What the police call "bailouts"—when people ditch their vehicle and scatter to avoid the pursuit of the Border Patrol—occur two to four times daily in sparsely populated Brooks County.
A recently released report by the National Foundation for American Policy stated that "Immigrant deaths at the border rose by 27 percent in 2012, according to U.S. Border Patrol data." The report also concluded that "the rise in immigrant deaths comes at a time when fewer people are attempting to enter illegally, as measured by the significant drop in apprehensions at the border over the past several years. The evidence suggests an immigrant attempting to cross illegally into the United States today is 8 times more likely to die in the attempt than approximately a decade ago."
The Arizona Daily Star, which keeps a "border deaths database" of people who died along the Arizona portion of the border, reported last fall that 157 people died in the deserts and mountains of Arizona in 2012. Presnall Cage, a Texas rancher in Brooks County, has installed fresh water faucets and bright blue water tanks across his property.

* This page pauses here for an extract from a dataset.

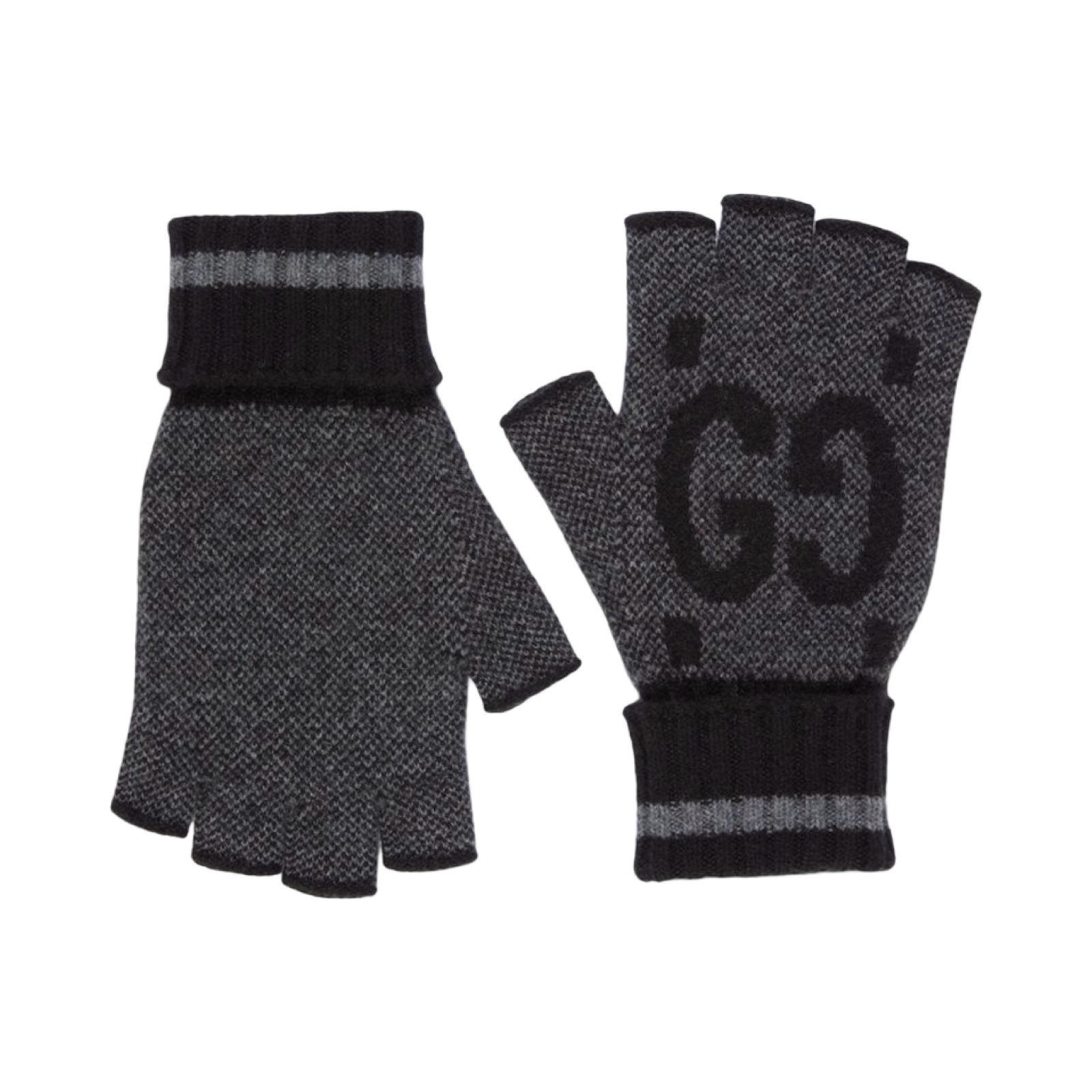 DETAILS: Elevate your winter style with these luxurious Gucci fingerless gloves, crafted from 100% cashmere in soft shades of pink and grey. Featuring ribbed cuffs and the iconic GG intarsia logo at the front, they combine comfort, warmth, and timeless design. Perfect for keeping cozy while staying chic.

Cage said he has found the remains of over 100 immigrants on his property, including 16 in the brutal summer of 2012 alone. He told a reporter that companions of a dead immigrant will often leave shoes in the middle of a road, or some other form of marker to indicate a body is nearby. He said he came across such a marker recently, and that he "...knew something was up. Sure enough, there was a body lying in the field and buzzards flying overhead".
The U.S. has funneled an astonishing amount of weaponry, high- and low-tech fencing, and military and police personnel along the entire border for decades. Multiple barricades span the border and extend into the seas. Drones and other spy aircraft buzz overhead. Just three and a half years ago, Obama signed a bill—passed with almost unanimous "bipartisan support" in Congress—pouring $600 million into increased militarization of the border. A year after it passed, he said, "We now have more boots on the ground on the southwest border than at any time in our history. The Border Patrol has 20,000 agents—more than twice as many as there were in 2004, a buildup that began under President Bush and that we have continued."

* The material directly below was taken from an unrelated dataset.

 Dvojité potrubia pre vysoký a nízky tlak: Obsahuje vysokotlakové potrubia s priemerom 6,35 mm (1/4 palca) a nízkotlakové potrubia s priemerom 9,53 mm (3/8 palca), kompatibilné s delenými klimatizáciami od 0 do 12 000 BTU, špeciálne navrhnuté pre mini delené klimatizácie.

Today, Democrats and Republicans have renewed efforts to finalize a major law to control, monitor, and suppress immigrants. What will emerge from these intense and bitter negotiations is uncertain—but it is certain that a major increase in the militarization and repression of the border area will be a key component. Revolution will have further analysis as that process develops.

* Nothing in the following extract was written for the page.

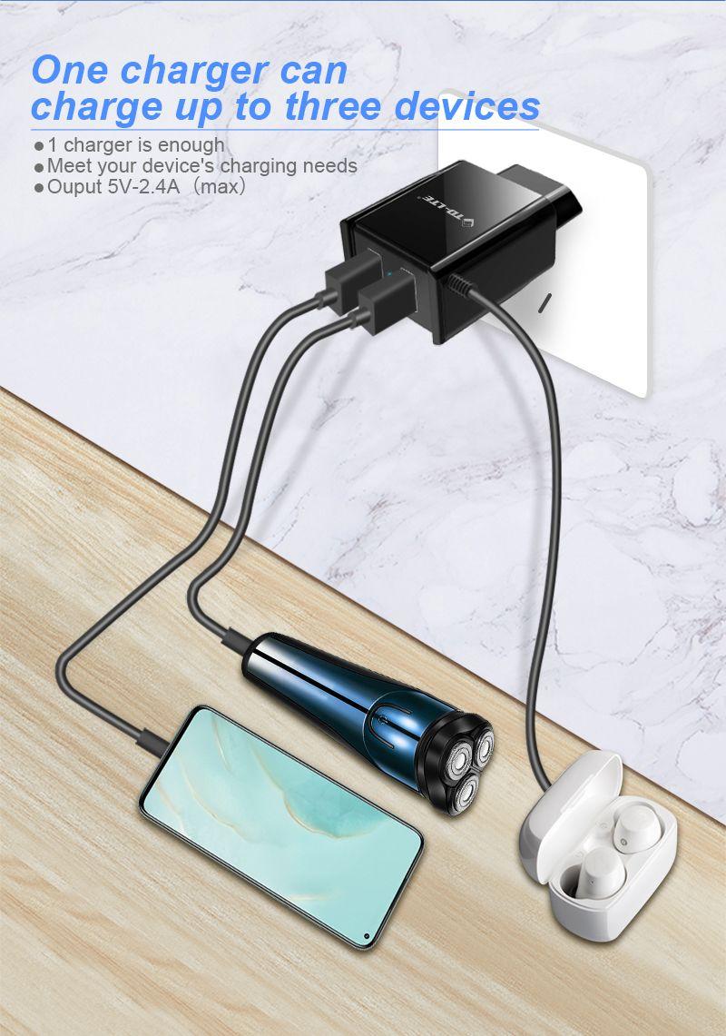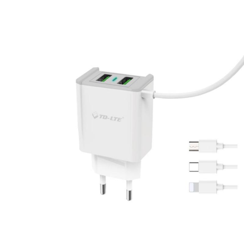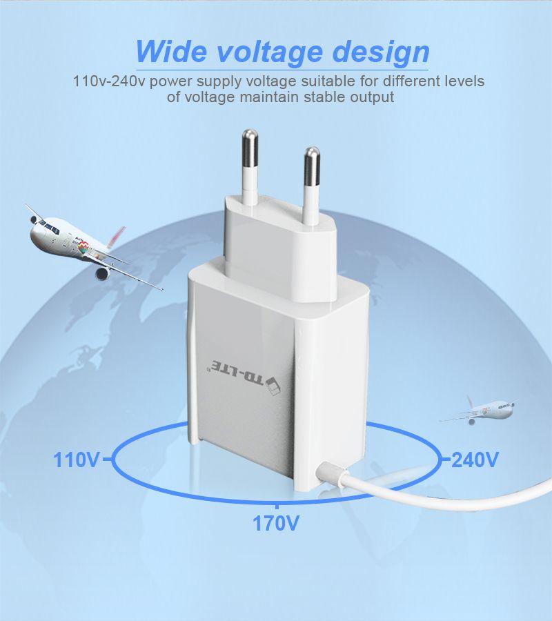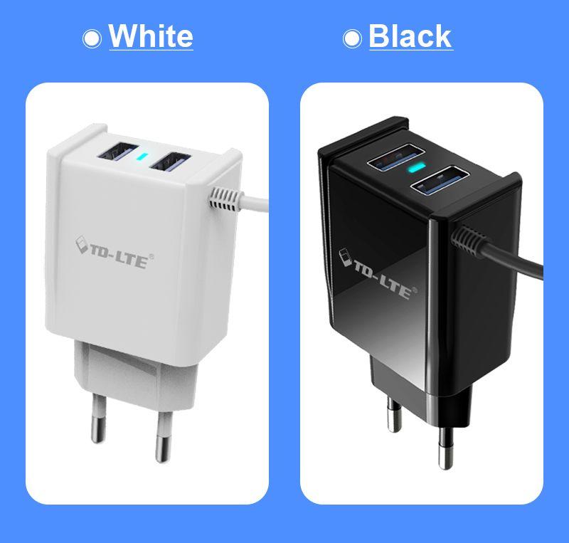 الموديل: TD-75. الطول: .21 متر. المدخلات: 100-264 فولت، 50-60 هيرتز، 0.5 أمبير (كحد أقصى). المخرجات: 5V / 2.4A (كحد أقصى). منفذ (USB): 2 منفذ. درجة حرارة العمل: -10 درجة مئوية ~ 50 درجة مئوية. يتوافق مع: أجهزة Micro-USB، Type-C، Lightning. نوع المحول: EU Plug. هناك ثلاثة أنواع متاحة: Micro-USB Type-C Lightning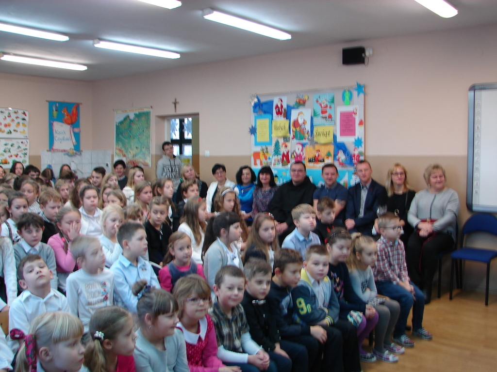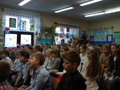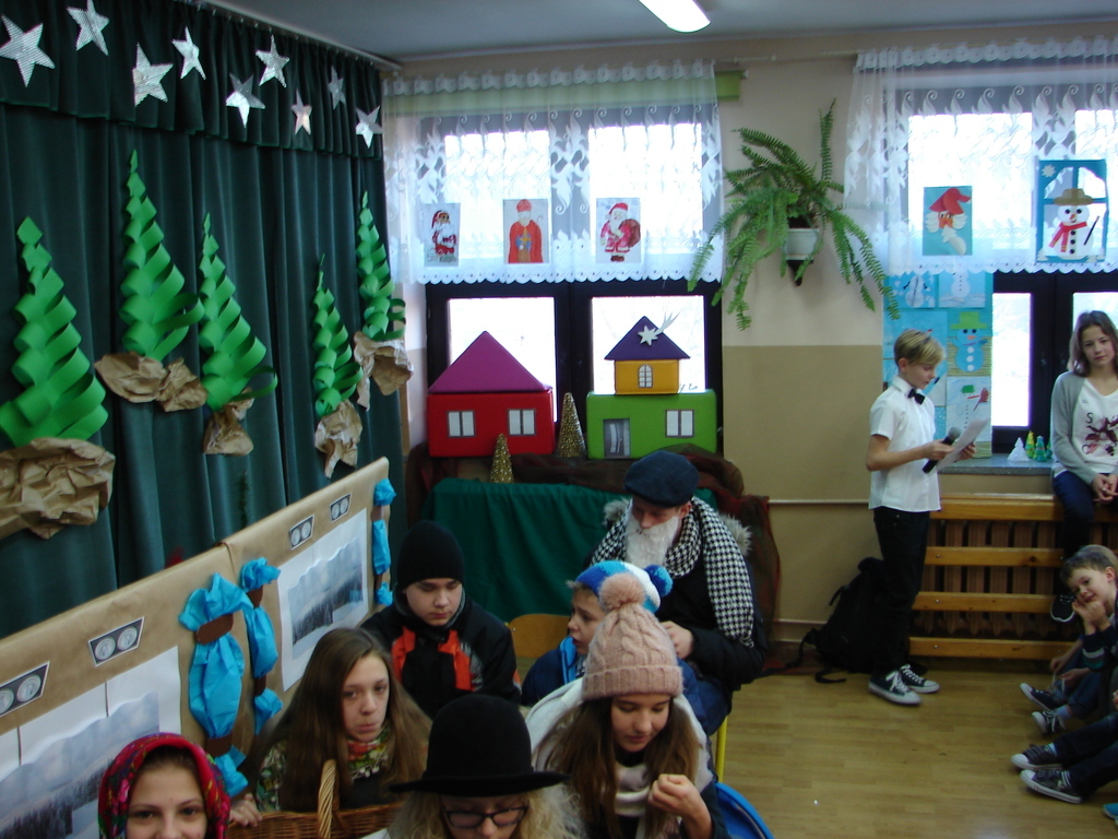 W świąteczny nastroju spędziśmy ostatni dzień przed świętami Bożego Narodzenia. Piękne przedstawienie przygotowabe przez uczniów klasy I gimnazjum pod kierunkiem nauczycielek Małgorzayy Bąk i Elżbiety Marszałek wzruszyło nie jednego odbiorcę. Po przedstawieniu uczniowie wraz z wychowawcami spotkali się na klasowych wigiliach. Wszyscy składali sobie życzenia świąteczne i noworoczne, Szkoła również przybrała odświętny wygląd dzięki pięknym pracom plastycznym uczniów.

But ask yourself : What kind of system routinely and without mercy destroys the possibility of a decent life in people's homelands, and then cruelly punishes them for seeking a livelihood? What kind of system deploys billions of dollars of the most advanced military equipment in the world to use against impoverished women, men, and children who carry all their possessions on their back? What kind of system leaves the bodies of hundreds of people decomposing and unidentified in distant ravines and deserts, with their families and friends never even knowing what happened to them?
What makes all this even more intolerable is that things do not have to be this way. People need to oppose the murderous attacks on immigrants—as part of a movement for revolution to bring this criminal system to an end and bring into being a whole new world.